--- START ---

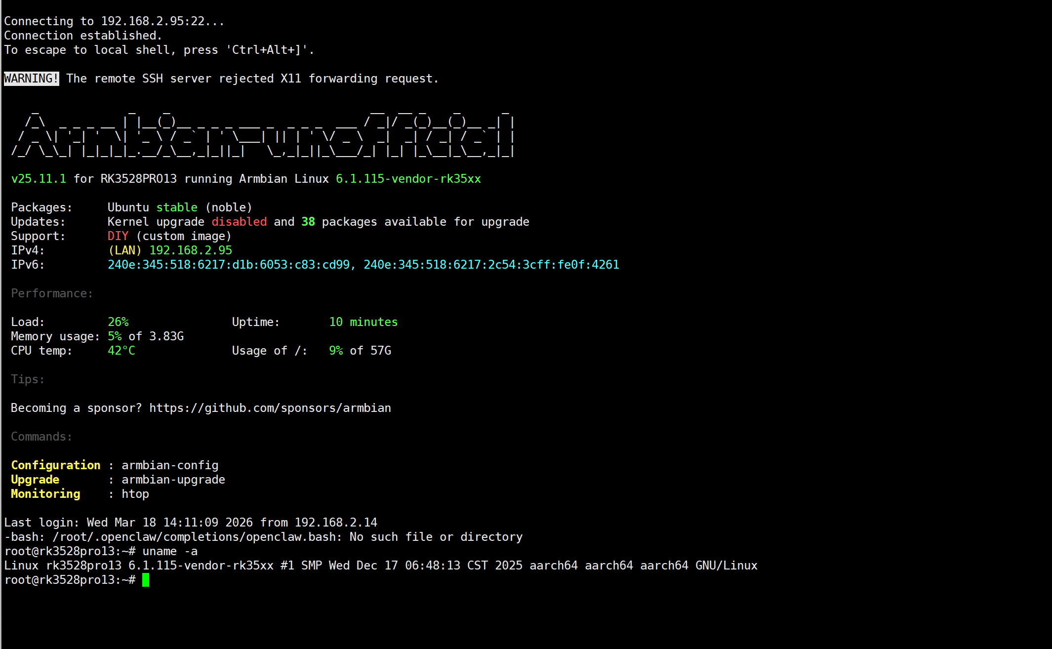 Armbian Ubuntu linux6.1服务器版本,电源使用5V2A
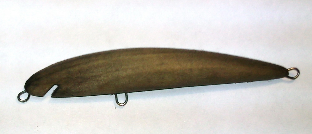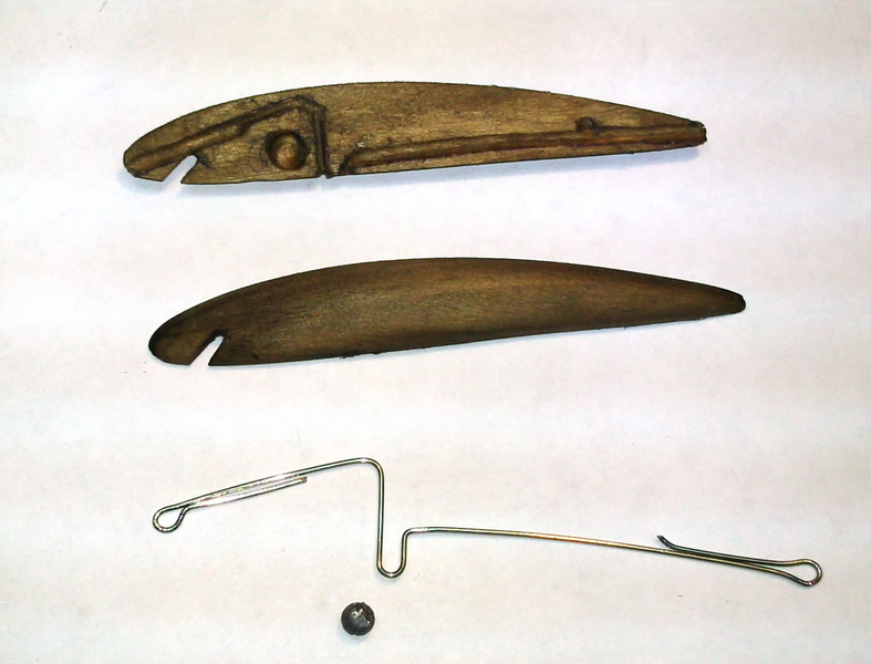 22. Очищаем петли и паз под лопасть от лака, собираем воблера: ставим крючки и временно фиксируем лопасть. Лопастей желательно иметь несколько, разных форм.
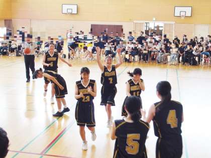 女子バスケットボール部の試合(準々決勝の崇化館中)の様子です。
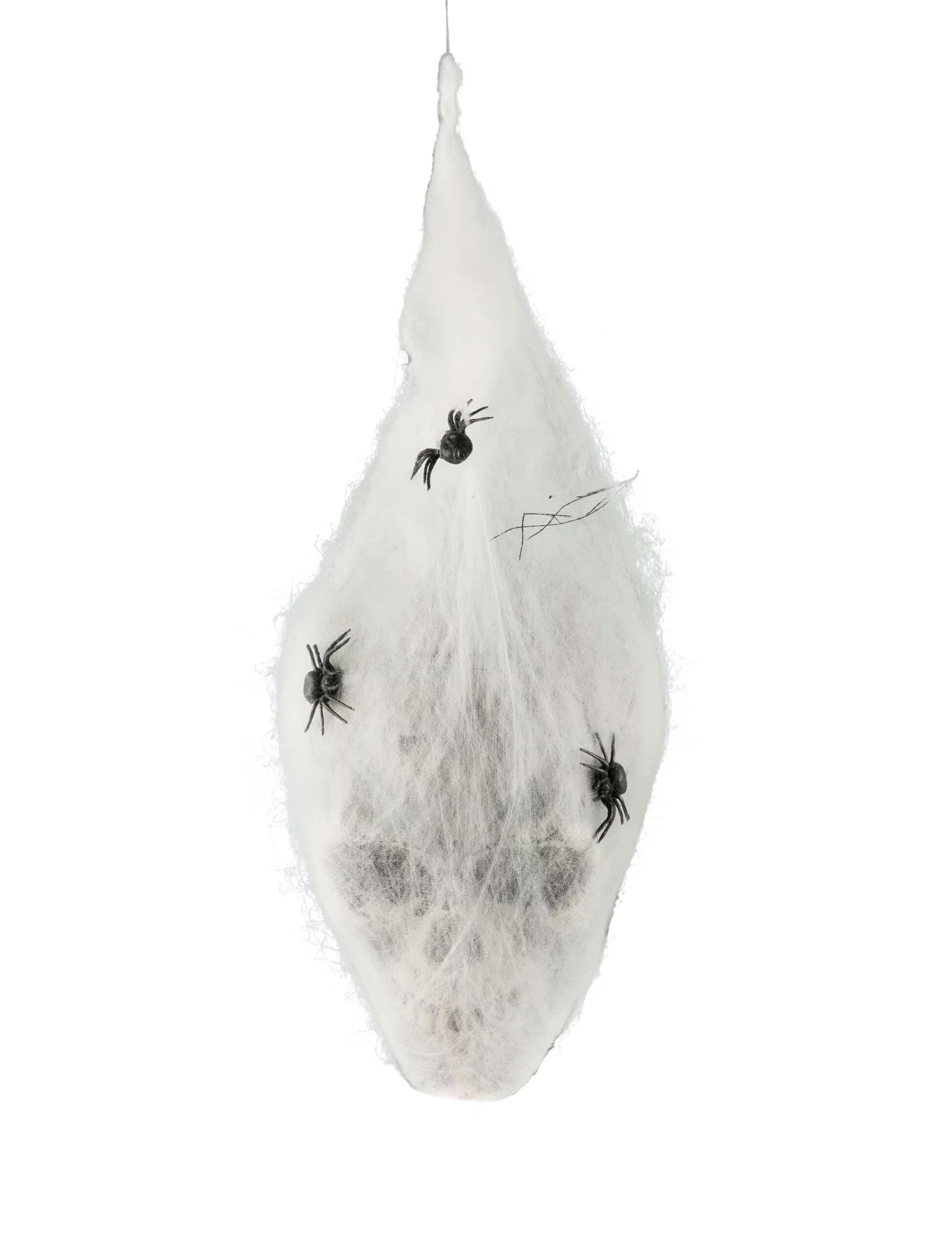 Dieser gruselige Zeitgenosse hat schon vor langer Zeit das Jenseits betreten. Die Rede ist von dem über und über mit Spinnennetzen verhangenen Totenkopf, der aus Deiner Halloween-Location eine Geisterbahn des Grauens macht. Kleine schwarze Spinnen sowie die langsam aufblinkenden roten LED-Leuchten in den Augen runden den Grusel-Look perfekt ab. Natürlich sind auch die 3x 1,5V-Batterien enthalten und werden in einem Batteriefach eingelegt. An dem Batteriefach befindet sich ein Ein- und Ausschalter.
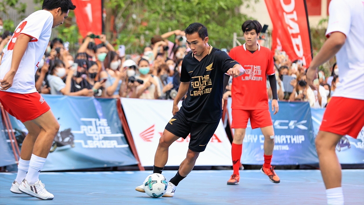 กองเชียร์พร้อมมาก Honda Click Series เอาใจแฟนลูกหนังได้เนรมิตลานสยามสแควร์ เป็นสนามฟุตบอลแมตช์พิเศษ ในงานแฟนมีต “เจ ชนาธิป The Route of Leader by Honda Click Series” ถูกใจแฟนบอลกันสุดๆ โดยไฮไลต์สุดมันส์ที่เรียกเสียงกรี๊ด!จากแฟนๆ จนสยามแทบ แตก!! คือการดึงนักเตะจ่าฝูงแข้งทองของวงการฟุตบอลไทย นำโดย เจ-ชนาธิป สรงกระสินธ์ พรีเซนเตอร์ Honda Click โชว์ลีลาฝีเท้าลงดวลแข้งกับนักแสดงชั้นนำจาก GMM TV และ THE SNACK ทั้ง โอม–ภวัต จิตต์สว่างดี, นนน–กรภัทร์ เกิดพันธุ์, เพิร์ธ–ธนพนธ์ สุขุมพันธนาสาร และ ชิม่อน–วชิรวิชญ์ เรืองวิวรรธน์ และ THE SNACK Content Creator อาทิ จีโน่-ปิยพล ม่วงมี, ปอนด์-นิธิศ แผนรุ่งรัตน์, กาย-ศิรวิชญ์ แก้วนิมิตร และยิ้ม- ศุภวิชญ์ ม่วงมี โชว์ลีลาลูกหนัง อีกด้านเป็นทีมฝั่งตัวท็อปๆของวงการฟุตบอลไทยมีจ่าฝูงอย่างเจ-ชนาธิป สรงกระสินธ์ พร้อมด้วยลีซอ-ธีรเทพ วิโนทัย, แตงโม-พงษ์พิสุทธิ์ ผิว อ่อน, ต๊อบ-วาทิต ตรีครุธพันธุ์ ออก ลวดลายโชว์ฝีเท้าเน้นๆ แฟนๆเลือกไม่ถูกอยากจะเข้าไปซับเหงื่อให้ทั้งฝั่งหนุ่มฮอตและนักเตะดัง เสิร์ฟความสนุกสุดมันส์กันต่อด้วยกิจกรรมแน่นๆ ปิดท้ายงานกันแบบแฮปปี้ ด้วยมินิคอนเสิร์ตจากวง Cock tail คุ้มสุดมันส์กันทั้งงาน.
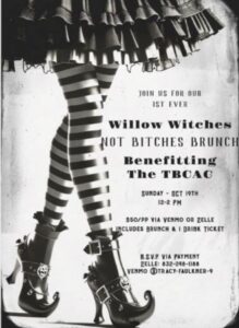 Put on your best resting Witch face and hat, grab your broom and come sip wine while supporting an amazing organization. We will have a contest for best dressed witch and best witch hat. We have a luxury raffle featuring a one-of-a-kind beaded bag, a cherry Coach bag and a bedazzled Michigan jean jacket (Go Blue!). Raffle tickets are just $20 or $7 for $100 with all sales going to the TBCAC — winner need-not-be-present to win. To purchase raffle tickets or reservations to the event, please text me, Tracy Faulkner Willow Winery & Vineyard – 832-248-1188. I will provide Venmo and/or Zelle info. Cash and credit available at the Event.
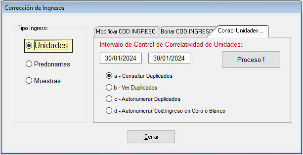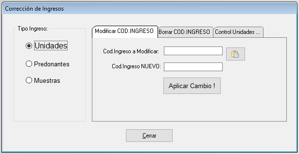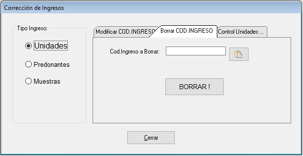 En caso de errores puede modificar o borrar Cod.Ingreso de Unidades / Predonantes / Muestras.
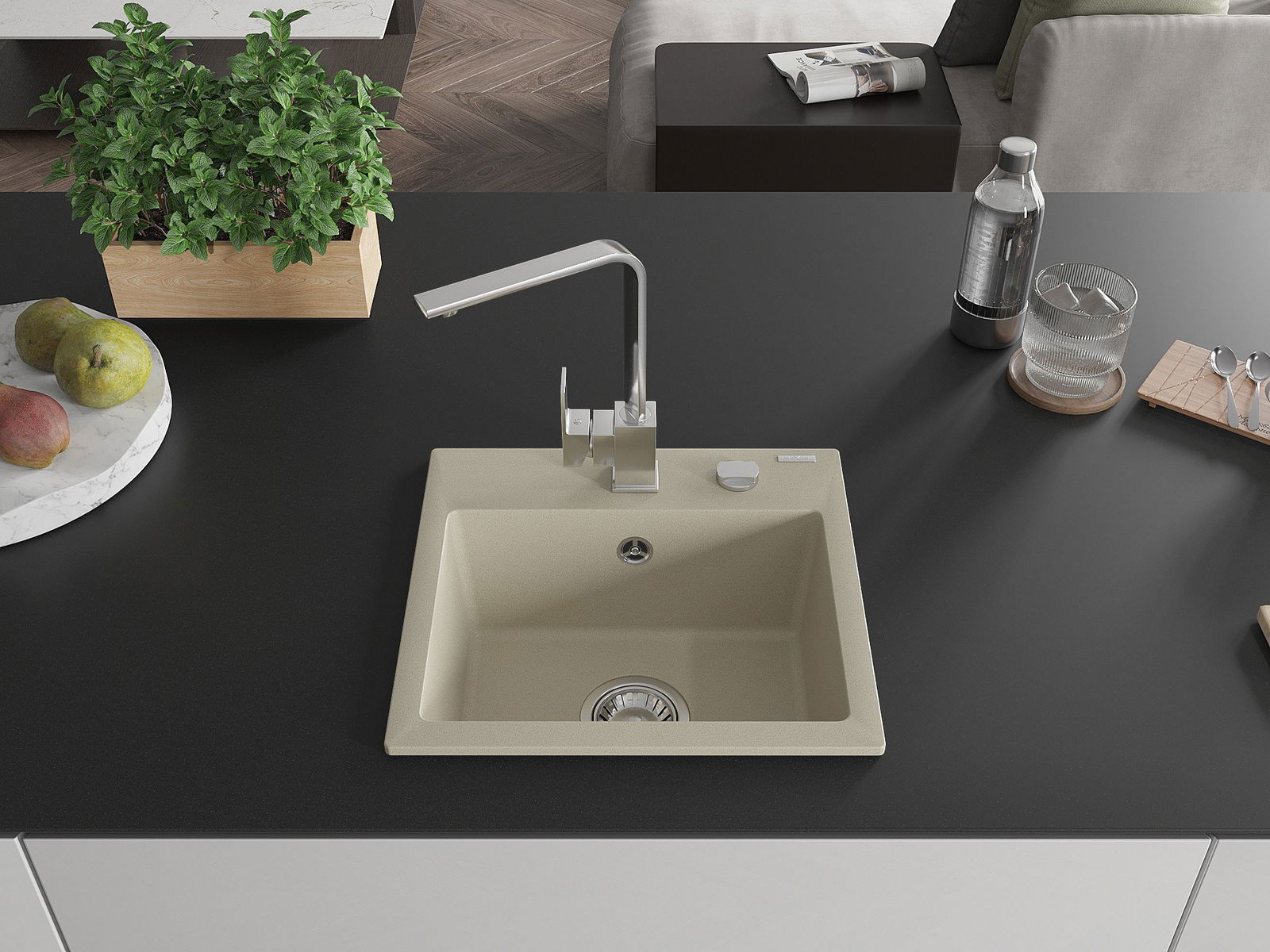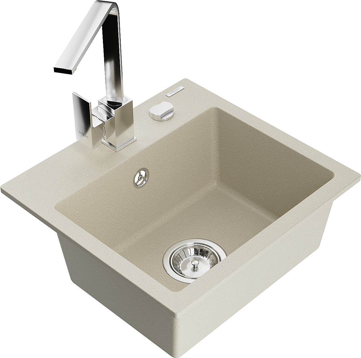 Mexen Milo zlewozmywak granitowy 1-komorowy z baterią kuchenną Rita, beżowy - 6505-69-670300-00

--- END ---

Only the lines from the one containing "Put on your" through the final line of the records should be retyped, exactly, with every picture omitted.

 Put on your best resting Witch face and hat, grab your broom and come sip wine while supporting an amazing organization. We will have a contest for best dressed witch and best witch hat. We have a luxury raffle featuring a one-of-a-kind beaded bag, a cherry Coach bag and a bedazzled Michigan jean jacket (Go Blue!). Raffle tickets are just $20 or $7 for $100 with all sales going to the TBCAC — winner need-not-be-present to win. To purchase raffle tickets or reservations to the event, please text me, Tracy Faulkner Willow Winery & Vineyard – 832-248-1188. I will provide Venmo and/or Zelle info. Cash and credit available at the Event.
 En caso de errores puede modificar o borrar Cod.Ingreso de Unidades / Predonantes / Muestras.
 Mexen Milo zlewozmywak granitowy 1-komorowy z baterią kuchenną Rita, beżowy - 6505-69-670300-00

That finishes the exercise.